I typed my report of the day trip to Bridlington on my own word processor, in the spare bedroom-cum-office. I checked it, made some alterations and ran off a copy for our files and another for Fearnside. It would be easier to transmit it electronically, or send a disk, but it’s forbidden. That’s how you spread viruses. I talked to his office and a few minutes later he rang me from home.

I’ll say one thing for him: he’s a good listener. ‘Tell me the messages again,’ he asked, when I’d finished.

‘McAnally’s was, “The martyrdom of St Sebastian”, and Morgan’s was, “Five yards in, at five yard intervals.”’

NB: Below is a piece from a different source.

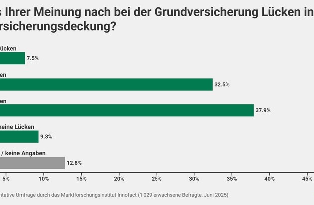Zürich, 05. August 2025 – Die Wahrnehmung, dass die Grundversicherung nicht alle Bedürfnisse abdeckt, ist weitverbreitet. Knapp 40 Prozent der Schweizer Bevölkerung haben das Gefühl, Lücken im obligatorischen Schutz wahrzunehmen. Besonders ausgeprägt ist das bei den 36- bis 55-Jährigen, von denen 45,9 Prozent Lücken sehen, verglichen mit nur 31,9 Prozent bei den über 56-Jährigen. Das zeigt eine repräsentative Befragung des Online-Vergleichsdienstes comparis.ch.

‘Mmm. Sounds bloody nonsense to me. Do you reckon he was having you on?’

‘It had crossed my mind. Oh, by the way, I suggested that we might lose his file, if he cooperated. Is that OK?’

‘He hasn’t got a file.’

‘I know, but I said he had a whole drawer to himself, that you thought he was the driver. Actually, he didn’t bust a gut denying it.’

‘Didn’t he, eh? Suppose we could lose him, providing this is good information. What do you reckon, Charlie?’

‘I really don’t know, but in the absence of anything better…’ I let it hang in the air.

‘Right. You’re not going to suggest that I domicile myself in the British Museum and swot up on the lives of the bloody saints, are you?’

‘No,’ I replied. ‘That’s for Hollywood. It’ll be something more obvious than that. They had the right idea, looking for a pub or a church.’

‘The simple explanation — Occam’s razor, eh?’

‘Took the words right out of my mouth, Mr Fearnside.’

‘Splendid. Well, you keep on with it, Charlie, and let me know how it goes. I’ll put some of our brainboxes on to these messages. One or two of them time their soft-boiled eggs by doing The Times crossword. Maybe they can put their efforts towards something useful for a change, eh?’